Zakariyyah’s fingers stopped moving on the ring. “If that is the case, as you say, how should we act at all? We would be lost within a vast ocean with nothing to grasp onto; without knowing how to act on anything. We would be frozen by the inability to act.”

“Perhaps,” I said. “But I think it is like time.”

“What is that supposed to mean?”

“For us, there is a past, present, and future: we experience time within each momentary point. But God sees the entirety of Time all at once. What if all Truth, all meaning, is like that too? We go about, here and there sometimes just close to it, given just a glimpse of the ranges of Truth, but can never see the whole meaning?”

Zakariyyah gazed out along the row of shelves.

I continued, “What if the Interpretations conceive of the Word in such a way that…we reduce it to a black and white understanding of the Creator, and we label it Truth? I have been searching for a way to understand — ”

“— Are you not arrogant to think that you have the answers?” Zakariyyah turned sharply back to her. His frame — the silhouette of his nose, his jaw — was a knife. It cut cleanly through the air as he turned. He looked for a moment very much like his father, the offspring of Aziz Ardashir.

“I could ask you the same,” I said. “I never said I have the answers.”

“Then what is it that you are searching for, calligrapher Suryan?” His voice had turned cold, accusing.

“I don’t know,” I said.

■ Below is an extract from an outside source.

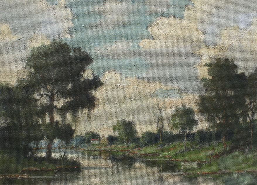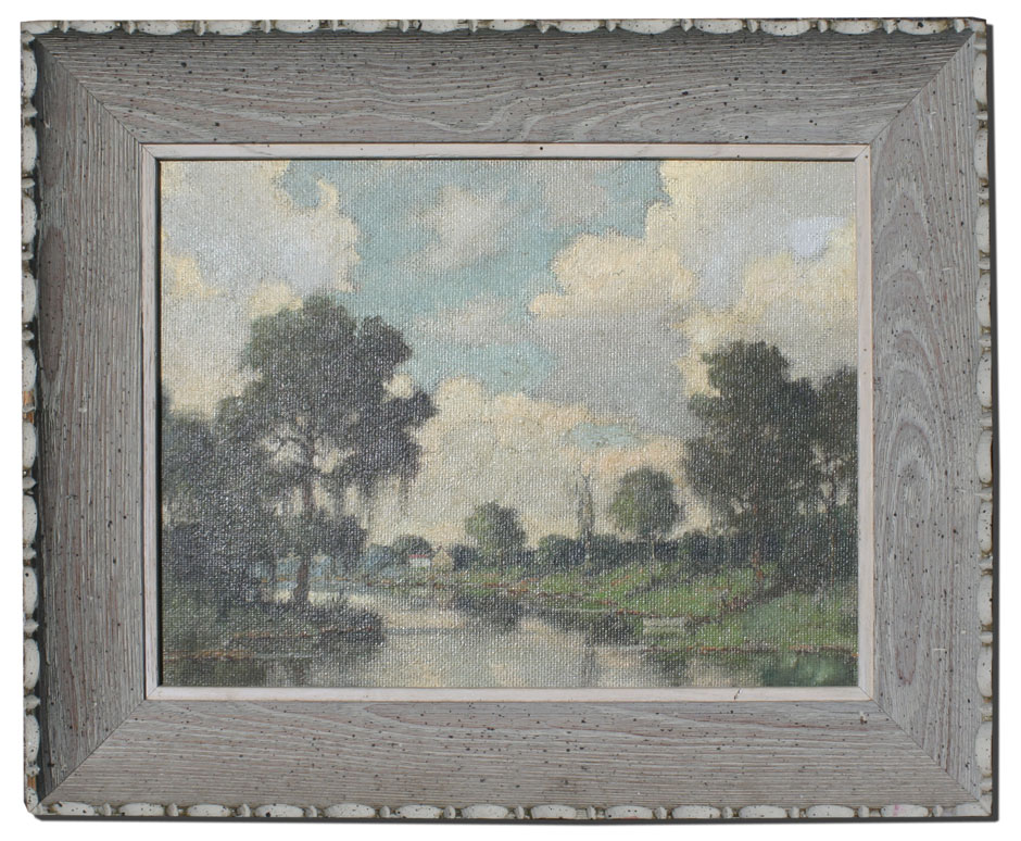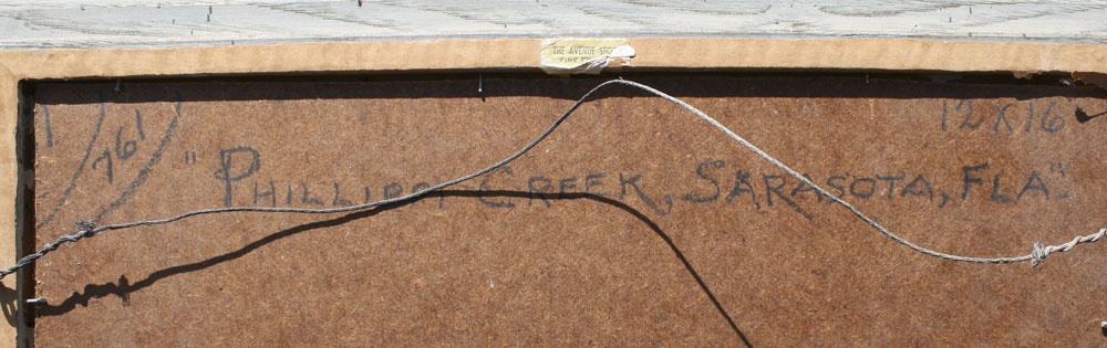 MOORE, Benson Bond, (American, 1882-1974): ''Phillippi Creek, Sarasota, FLA'', Oil/Masonite, 12'' x 16'', numbered 761, titled verso no visible signature, encased in original carved barn wood style frame with wear, 17'' x 21''.

What if we needed less of the hubris of certainty, and more of the humility of uncertainty, when we spoke of the truths of the world, and determined fates and judgment based on them?

But I could not say this to him, to a Light Scholar.

From the other end of the room, the snowfinch sparrow peered out at us curiously.

I stood up. “I must return to the calligraphy hall.”

Zakariyyah nodded but did not look at me. He no longer twirled the ring around his finger, and he was still.

Abdullah the librarian’s head rose from the desk. He half-mumbled something and stretched, his eyes partially closed in drowsiness. The snowfinch sparrow chirped as if to greet him, or to inform him of the strange conversation that had been occurring inches away from him.

I walked out of the library. Down the halls, down the stairs, past servants carrying loads of trays and books and documents for the scholars.

What if it was not always Truth the scientists always sought within nature and the cosmos. What if it was not always Truth the holy scholars sought in seeking the Scriptures? What if they sought their own selves?

The Jhansari people were forced to different lands across the Ardth to build cities. The scientists said it was because of their ‘biological inferiority’ that they could be made slaves.

They took ‘scientific’ measurements of skulls and bones. They drew up charts and illustrations and mapped the brains and the bodies and the blood. They declared what the ‘truths of nature’ told them of the Jhansaris’ status on the scale of humanity; they published reports and manuscripts: cold, hard, neutral, objective numbers, data. Numbers could not lie, they said; science and nature could not lie.

Under the name of piety, of God, of virtue and of sin, under the name of nature and biology and evolution, man tried to legitimize their own egos. A way to validate and glorify the self, while casting others below — creating imaginary spectrums of human value in the name of science and divinity.

Was that not the story of the human ego? Extorting the unfortunate and the damned, the earth and the seas. Then we tried to exploit God in our own names.